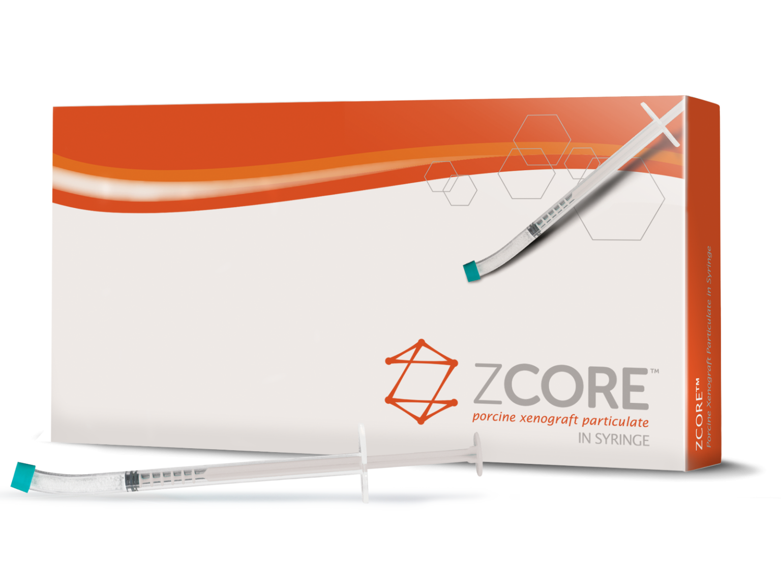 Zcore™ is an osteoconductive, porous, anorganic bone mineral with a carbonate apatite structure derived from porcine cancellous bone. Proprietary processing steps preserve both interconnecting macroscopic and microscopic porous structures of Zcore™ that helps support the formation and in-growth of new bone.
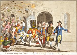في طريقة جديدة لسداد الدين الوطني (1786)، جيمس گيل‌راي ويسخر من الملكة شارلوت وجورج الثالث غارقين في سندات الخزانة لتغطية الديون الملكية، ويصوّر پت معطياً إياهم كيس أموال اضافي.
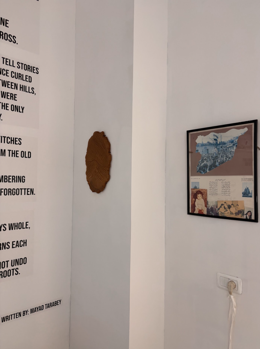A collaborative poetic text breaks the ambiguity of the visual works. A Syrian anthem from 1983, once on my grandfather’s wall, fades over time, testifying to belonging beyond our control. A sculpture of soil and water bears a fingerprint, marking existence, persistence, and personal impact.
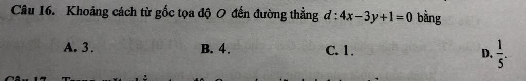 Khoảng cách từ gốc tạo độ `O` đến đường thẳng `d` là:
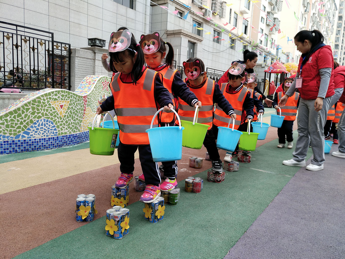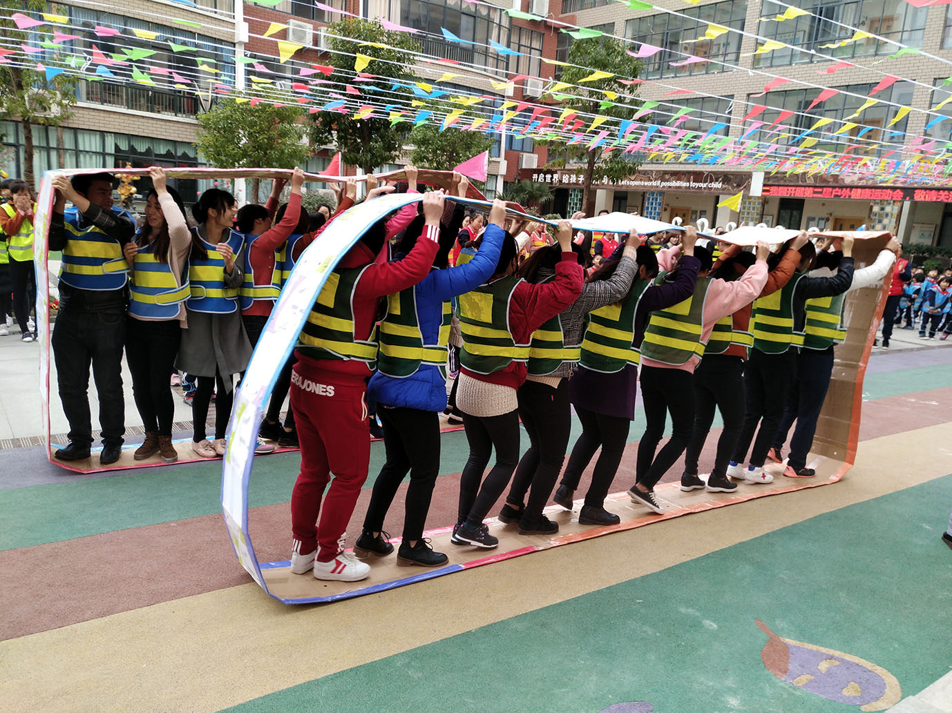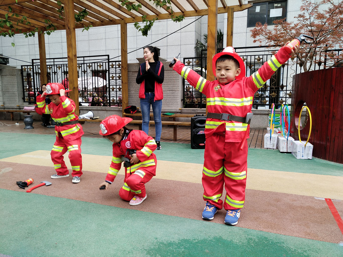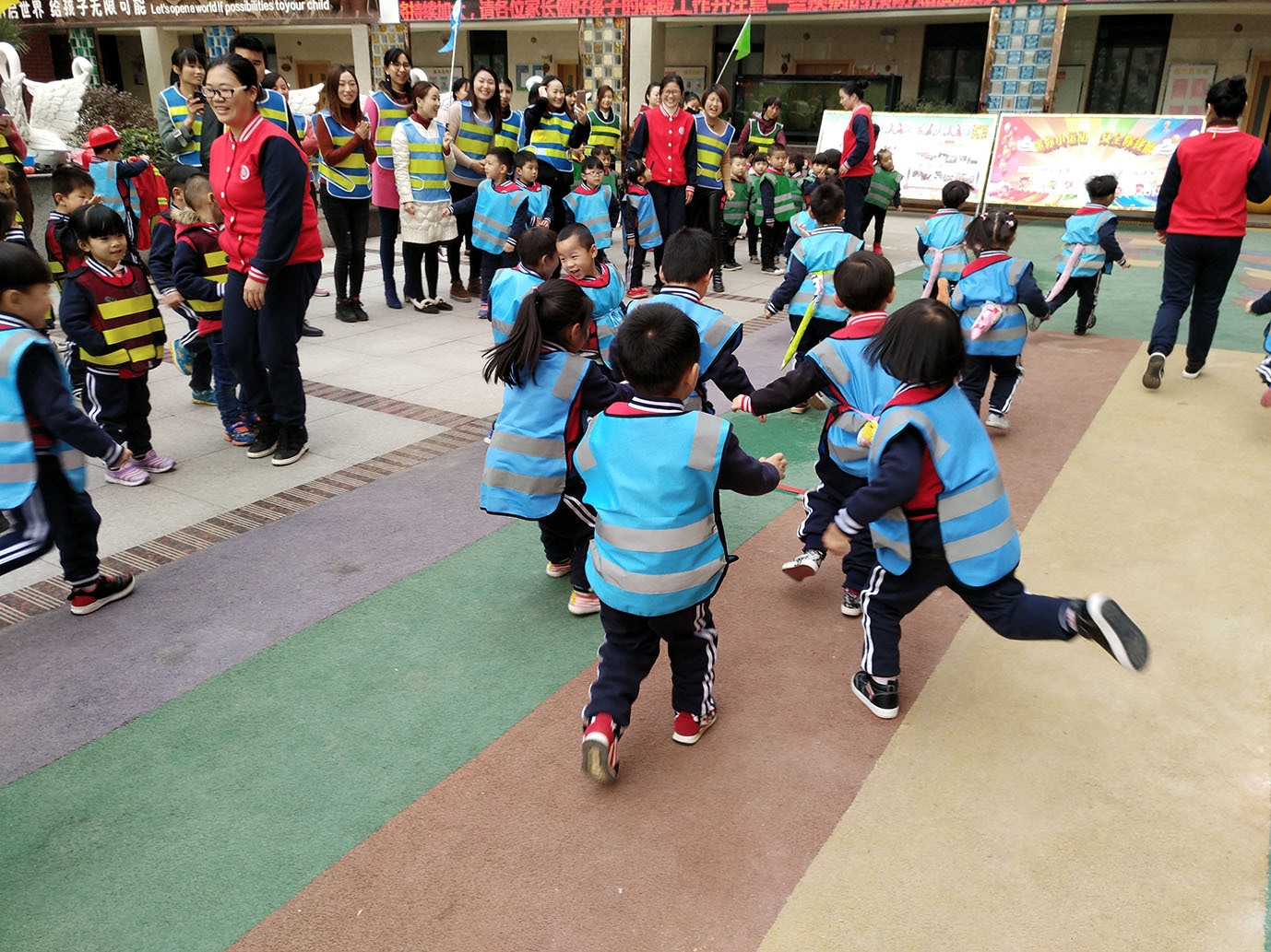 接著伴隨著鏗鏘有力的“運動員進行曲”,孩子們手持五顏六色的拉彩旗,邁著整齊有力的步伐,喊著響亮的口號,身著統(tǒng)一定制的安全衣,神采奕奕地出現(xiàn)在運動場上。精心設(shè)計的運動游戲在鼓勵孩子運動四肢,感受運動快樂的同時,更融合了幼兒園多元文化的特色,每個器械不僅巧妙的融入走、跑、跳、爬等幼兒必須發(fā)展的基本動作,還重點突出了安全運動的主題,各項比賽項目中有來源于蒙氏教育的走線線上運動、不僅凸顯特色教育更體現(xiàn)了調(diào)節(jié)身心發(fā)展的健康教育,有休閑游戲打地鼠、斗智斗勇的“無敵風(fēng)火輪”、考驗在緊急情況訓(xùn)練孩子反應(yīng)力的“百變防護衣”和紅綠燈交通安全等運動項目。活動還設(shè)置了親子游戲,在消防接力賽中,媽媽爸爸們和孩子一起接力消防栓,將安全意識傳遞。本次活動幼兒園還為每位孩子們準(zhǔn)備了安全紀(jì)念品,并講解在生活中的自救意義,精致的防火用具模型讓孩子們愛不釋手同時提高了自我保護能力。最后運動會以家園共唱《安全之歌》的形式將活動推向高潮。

...

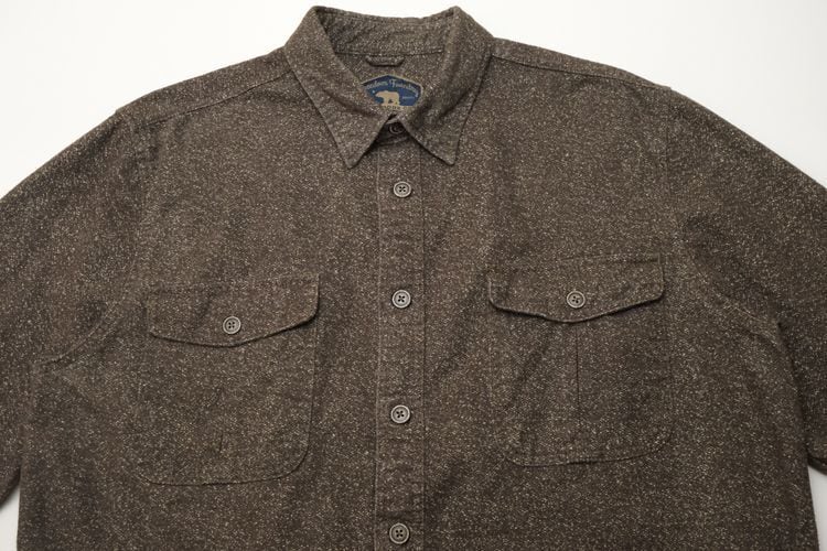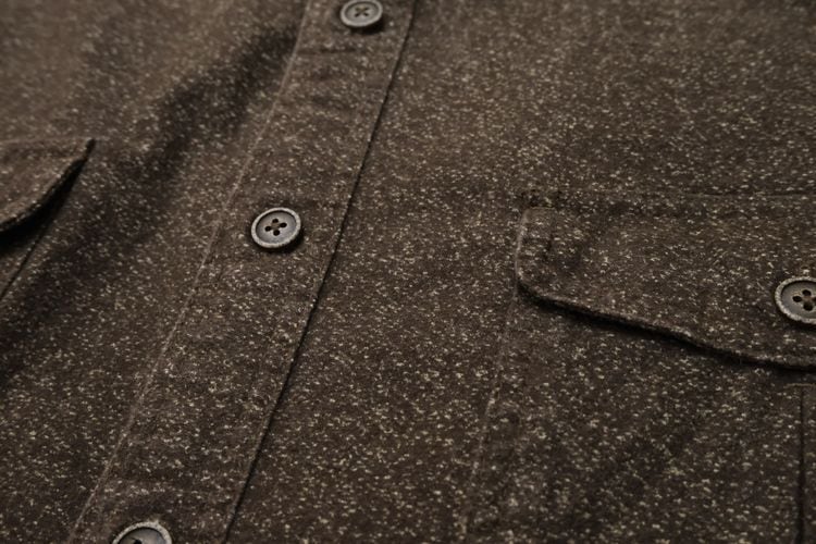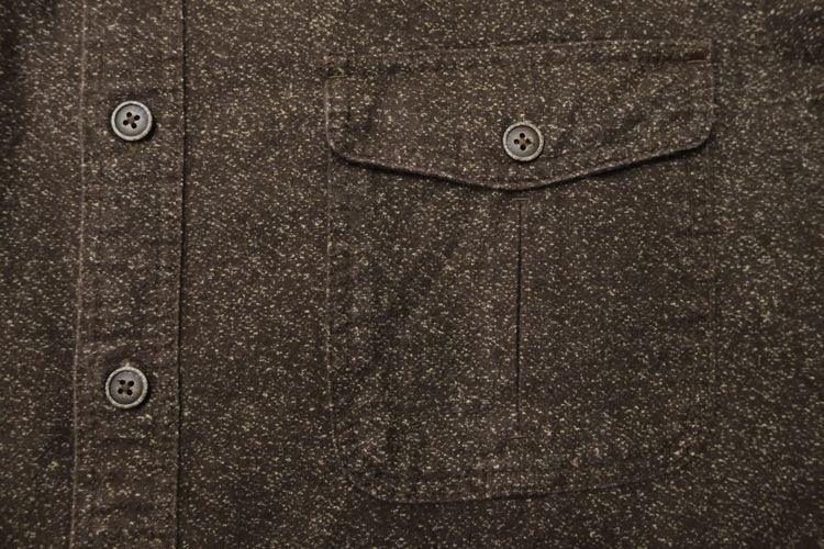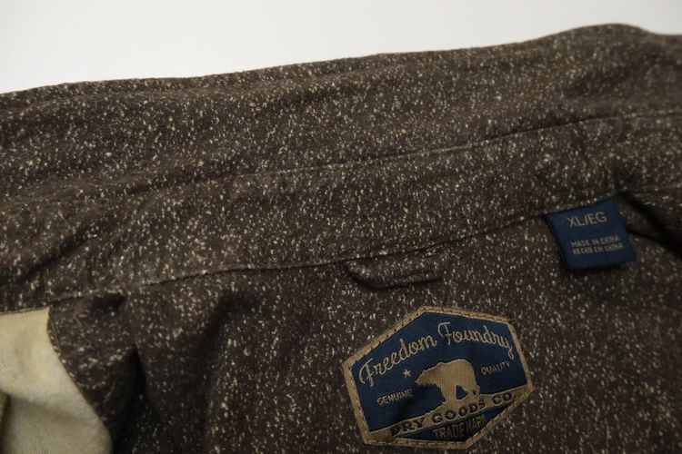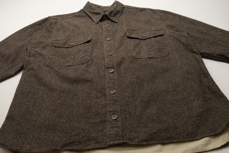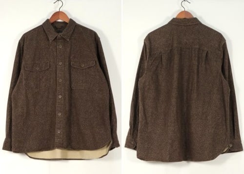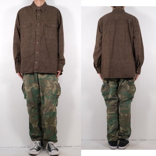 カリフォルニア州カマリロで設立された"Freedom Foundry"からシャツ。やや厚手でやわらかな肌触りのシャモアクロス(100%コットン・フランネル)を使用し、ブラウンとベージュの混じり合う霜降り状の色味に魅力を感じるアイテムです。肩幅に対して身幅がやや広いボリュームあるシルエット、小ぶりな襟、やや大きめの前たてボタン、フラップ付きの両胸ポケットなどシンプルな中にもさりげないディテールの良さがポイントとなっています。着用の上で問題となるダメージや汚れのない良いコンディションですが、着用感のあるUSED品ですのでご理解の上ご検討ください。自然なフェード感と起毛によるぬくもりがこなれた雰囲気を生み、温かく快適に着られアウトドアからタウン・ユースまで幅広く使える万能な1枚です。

▶ [Exercise directions] What should come back is an exact copy of the lines above from the line with "A collaborative poetic" to the line with "Khoảng cách từ", both included, minus the pictures.

▶ [Reply]
A collaborative poetic text breaks the ambiguity of the visual works. A Syrian anthem from 1983, once on my grandfather’s wall, fades over time, testifying to belonging beyond our control. A sculpture of soil and water bears a fingerprint, marking existence, persistence, and personal impact.
 Khoảng cách từ gốc tạo độ `O` đến đường thẳng `d` là:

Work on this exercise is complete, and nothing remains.